ASSIGNMENT: Print nothing except the lines of the listing below from the line with "Domenica 9 novembre" to the line with "La comunità ha", each exactly as written, both ends included.

SUPPLIED DATA:

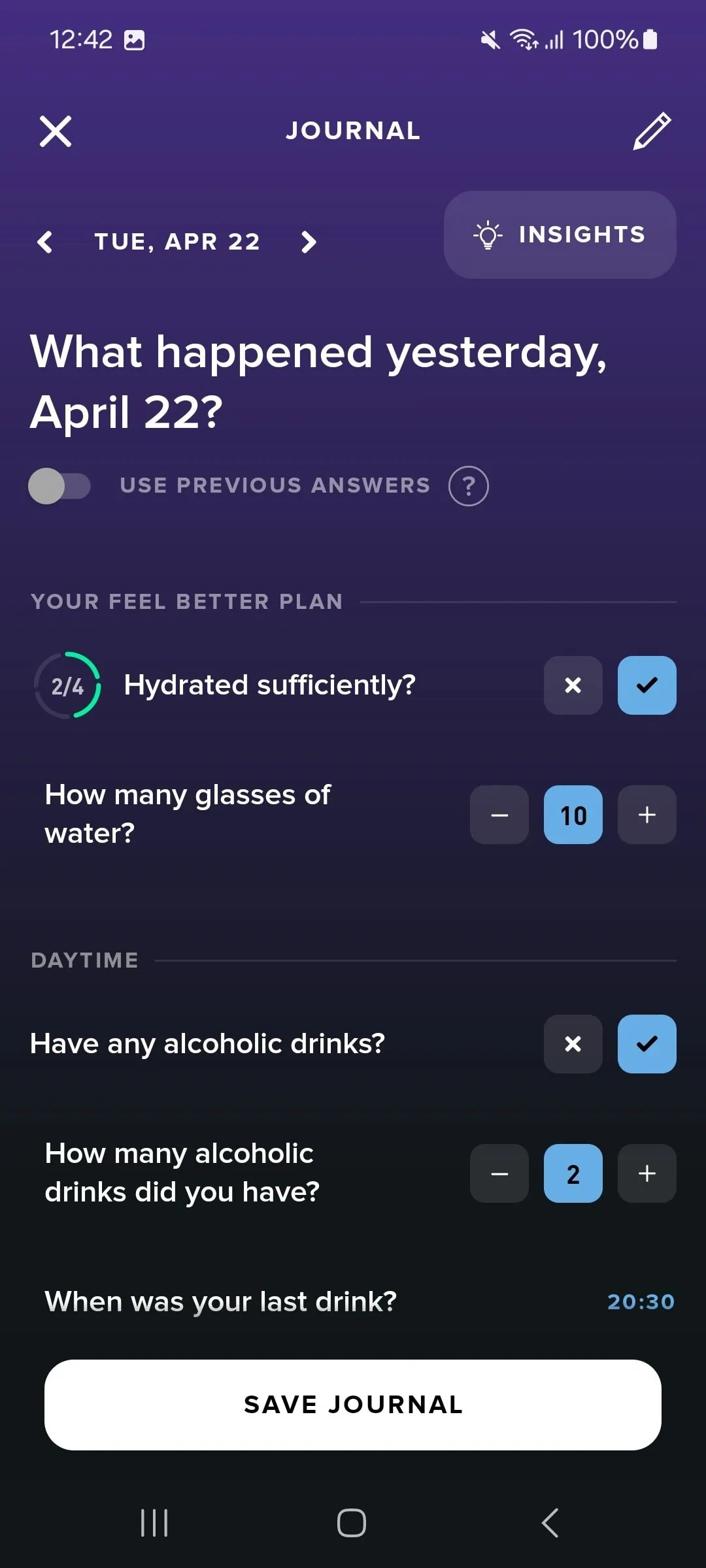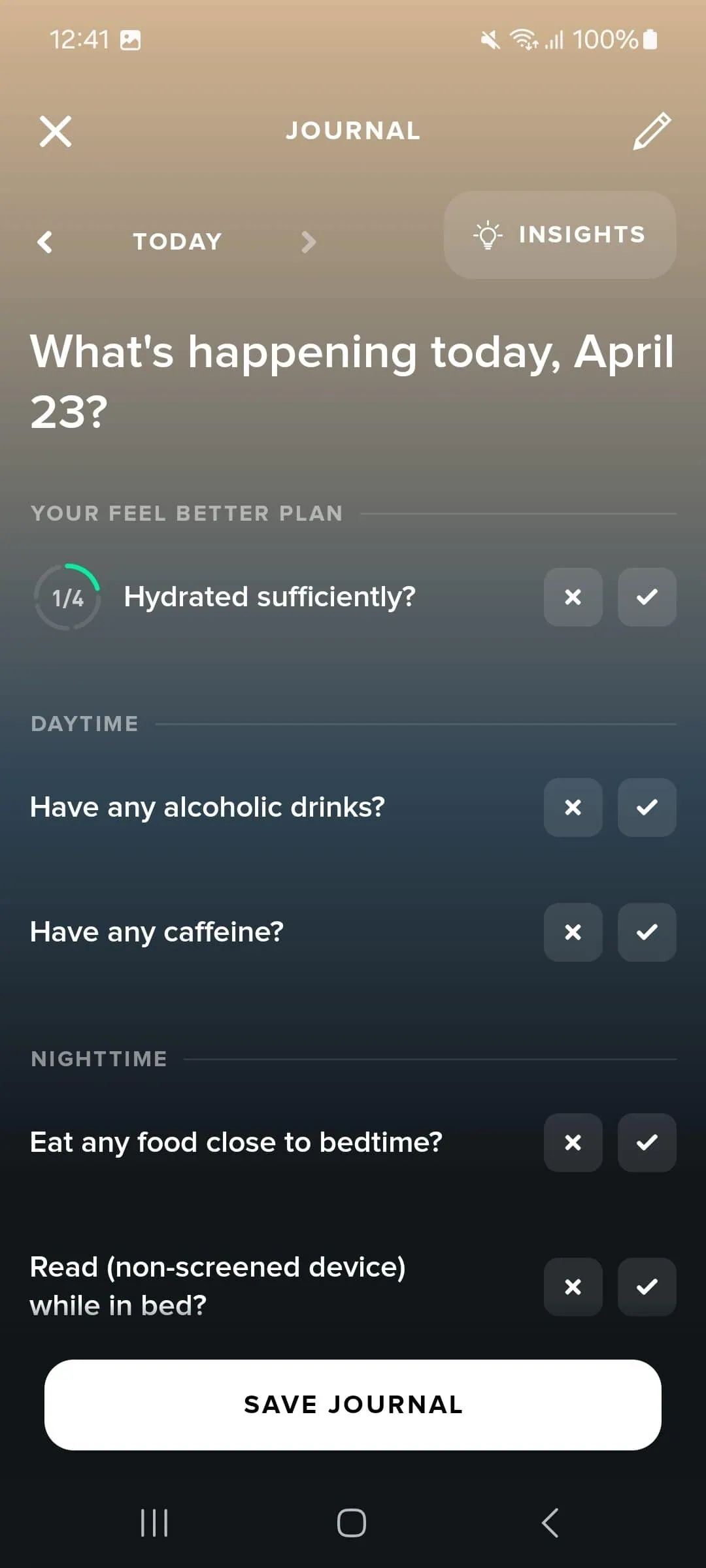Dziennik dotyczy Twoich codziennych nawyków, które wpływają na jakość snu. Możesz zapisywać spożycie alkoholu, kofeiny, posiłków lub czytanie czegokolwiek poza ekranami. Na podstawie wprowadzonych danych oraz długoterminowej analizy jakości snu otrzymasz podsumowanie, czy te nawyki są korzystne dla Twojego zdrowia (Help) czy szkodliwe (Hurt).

---

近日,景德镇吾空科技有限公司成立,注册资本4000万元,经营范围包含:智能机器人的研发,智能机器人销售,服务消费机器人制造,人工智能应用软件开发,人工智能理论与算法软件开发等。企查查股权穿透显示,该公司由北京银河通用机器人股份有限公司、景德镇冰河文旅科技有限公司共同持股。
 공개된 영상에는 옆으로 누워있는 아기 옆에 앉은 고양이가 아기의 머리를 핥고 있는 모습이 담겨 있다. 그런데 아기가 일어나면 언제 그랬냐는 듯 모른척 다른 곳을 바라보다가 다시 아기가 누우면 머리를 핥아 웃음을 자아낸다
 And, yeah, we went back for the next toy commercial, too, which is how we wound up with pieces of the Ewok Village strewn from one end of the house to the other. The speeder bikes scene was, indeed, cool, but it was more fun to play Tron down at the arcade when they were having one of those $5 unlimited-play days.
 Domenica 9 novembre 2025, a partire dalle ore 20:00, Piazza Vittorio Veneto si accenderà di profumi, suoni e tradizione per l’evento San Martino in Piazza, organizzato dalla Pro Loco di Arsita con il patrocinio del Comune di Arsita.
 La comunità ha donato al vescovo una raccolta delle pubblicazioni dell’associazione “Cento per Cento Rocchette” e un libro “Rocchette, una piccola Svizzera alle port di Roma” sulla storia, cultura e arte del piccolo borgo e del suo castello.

YOUR RESPONSE:
 Domenica 9 novembre 2025, a partire dalle ore 20:00, Piazza Vittorio Veneto si accenderà di profumi, suoni e tradizione per l’evento San Martino in Piazza, organizzato dalla Pro Loco di Arsita con il patrocinio del Comune di Arsita.
 La comunità ha donato al vescovo una raccolta delle pubblicazioni dell’associazione “Cento per Cento Rocchette” e un libro “Rocchette, una piccola Svizzera alle port di Roma” sulla storia, cultura e arte del piccolo borgo e del suo castello.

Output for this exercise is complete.